Atlas gritted his teeth so hard they ached, forcing his rampaging heart to slow down. He expelled the trapped air from his lungs in a long, trembling sigh that he masked behind the heavy grunt of his armor. He forced his body back into absolute control, straightening his spine and planting his boots firmly onto the stone floor.
He is just an annoying kid, Atlas reminded himself. A mana-less analyst.
"Nothing," Atlas replied, his voice returning to its solid, deep register, though a slight edge of residual nervousness still betrayed the profound shock he had suffered. "The journey just left a bitter taste in my mouth. But I am here now."
With a heavy, deliberate step, the pride of the Altavilla family once again serving as his shield against fear, he advanced toward the center of the terrace, ready to face reality. He narrowed his eyes, tracking Zhilian's elegant blue silhouette and Hayjin's messy form. "I don't believe it... they actually made it here too. How is it physically possible that that kid is still in one piece?"

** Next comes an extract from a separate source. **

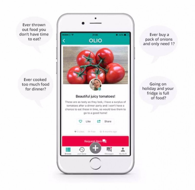 发达国家超过一半的食物浪费发生在家里面,发生在上述提到的这些场景中。为了解决这个问题,英国的两位企业家创建了一款名为OLIO的手机应用程序,它能让人们将多余的食物分享出去,从此告别不健康的剩菜剩饭。
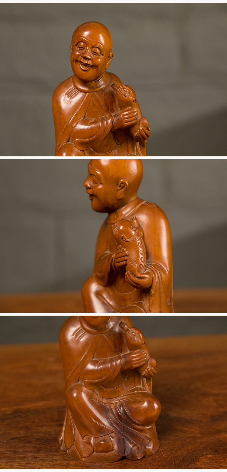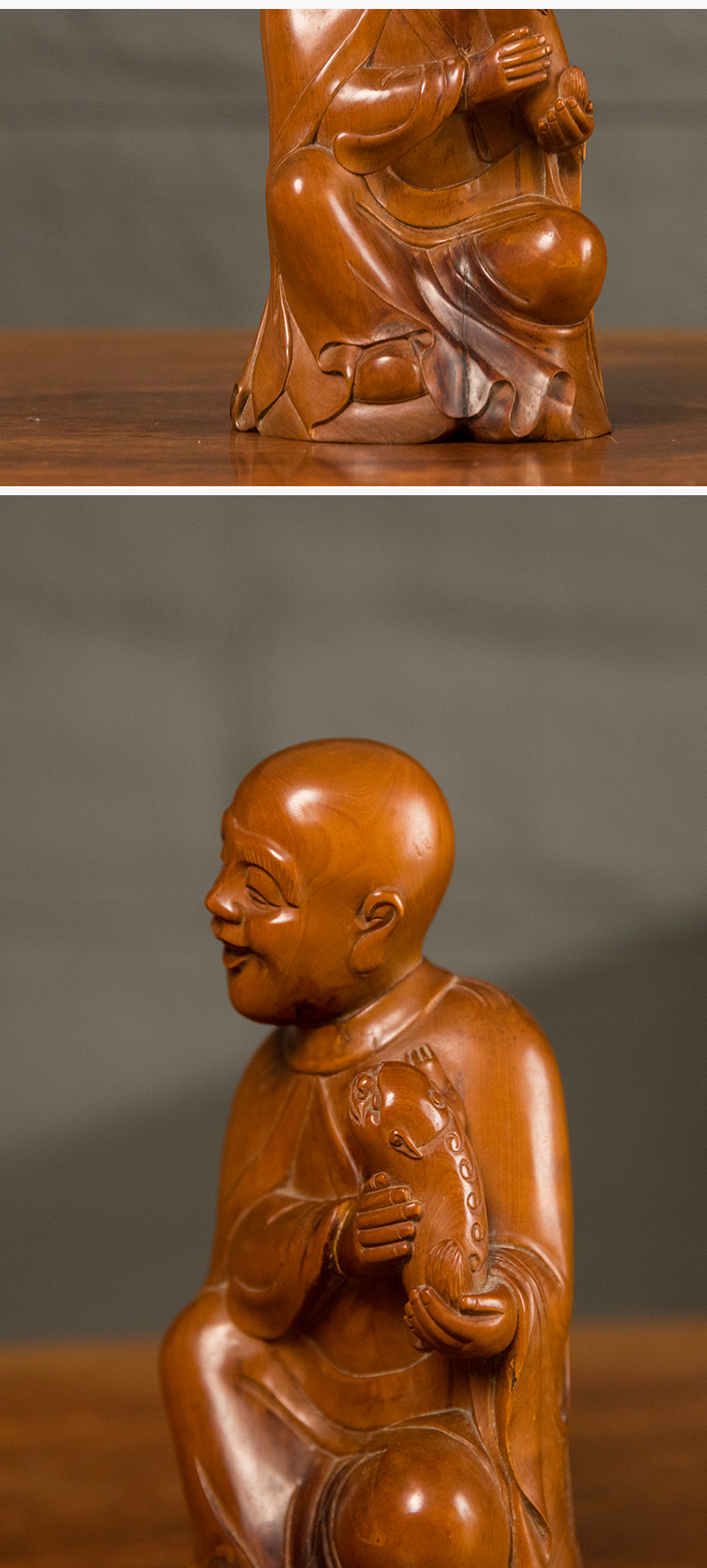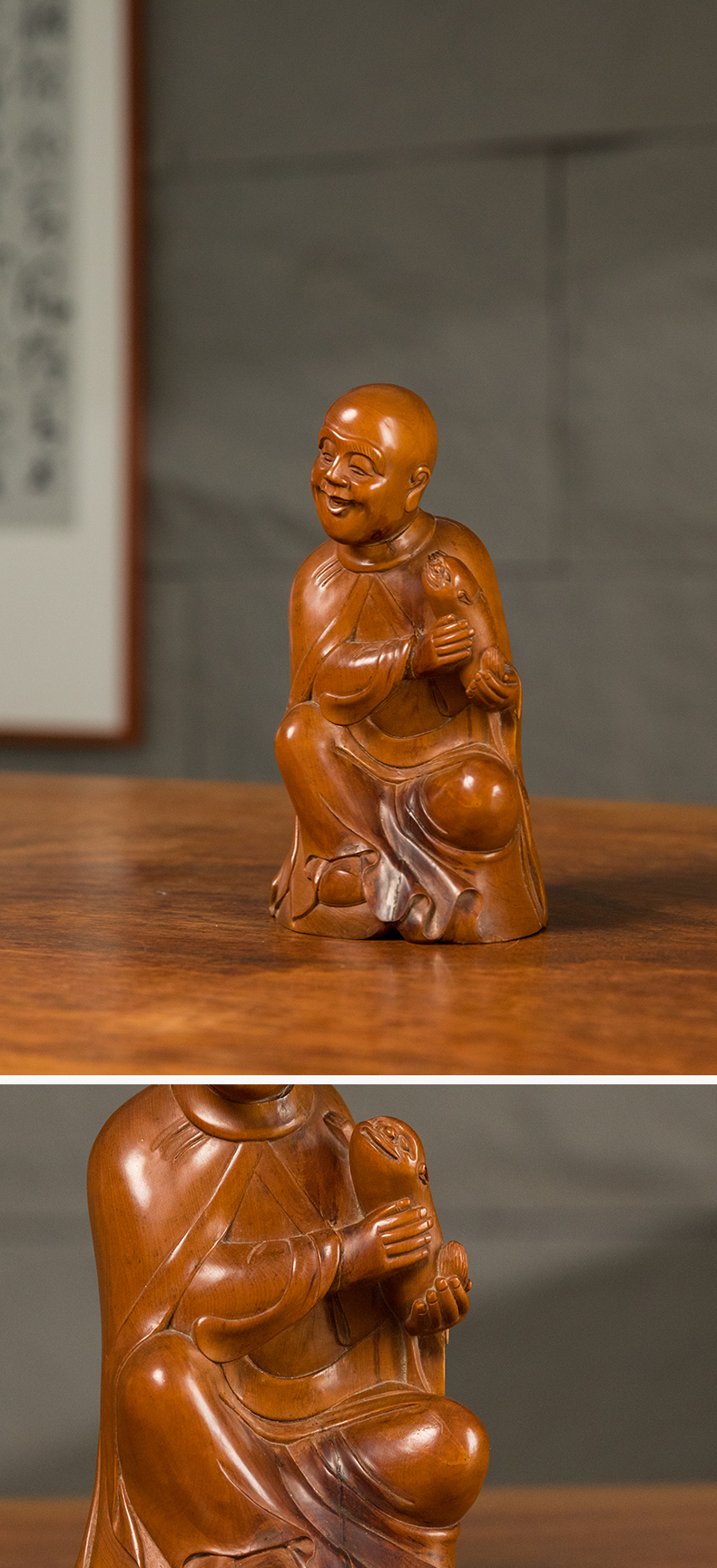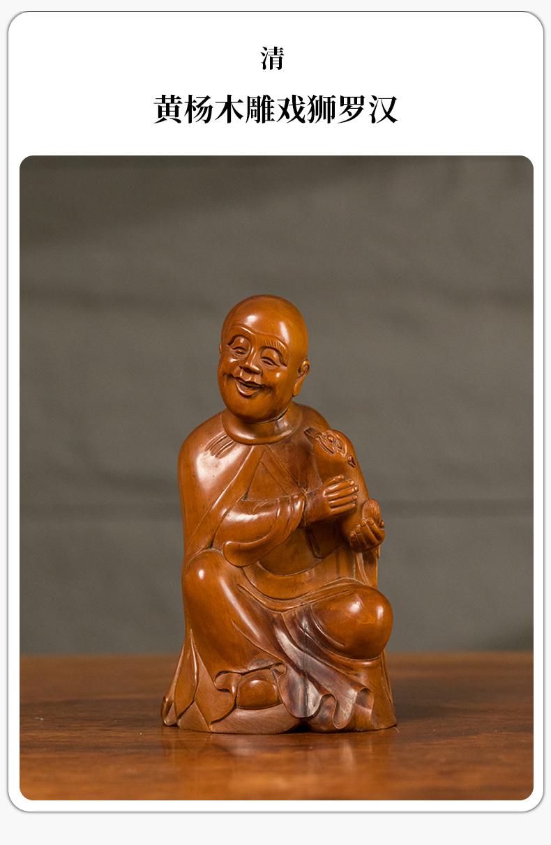 清 黄杨木雕戏狮罗汉

"Luck favors the bold or the incredibly foolish," Evelyn replied, her boots clicking softly as she began to traverse the wide stone bridge connecting their red labyrinth to the neutral zone of the tower. "Let us go find out which of those two categories they represent."
And so, while Hayjin and Zhilian desperately tried to catch their breath, the shadows of Doeken emerged from the red crystal labyrinth, bringing with them the crushing weight of a challenge that was about to turn into an inevitable, violent collision. The race was no longer merely against the design of the dungeon, but face to face against their own reflection.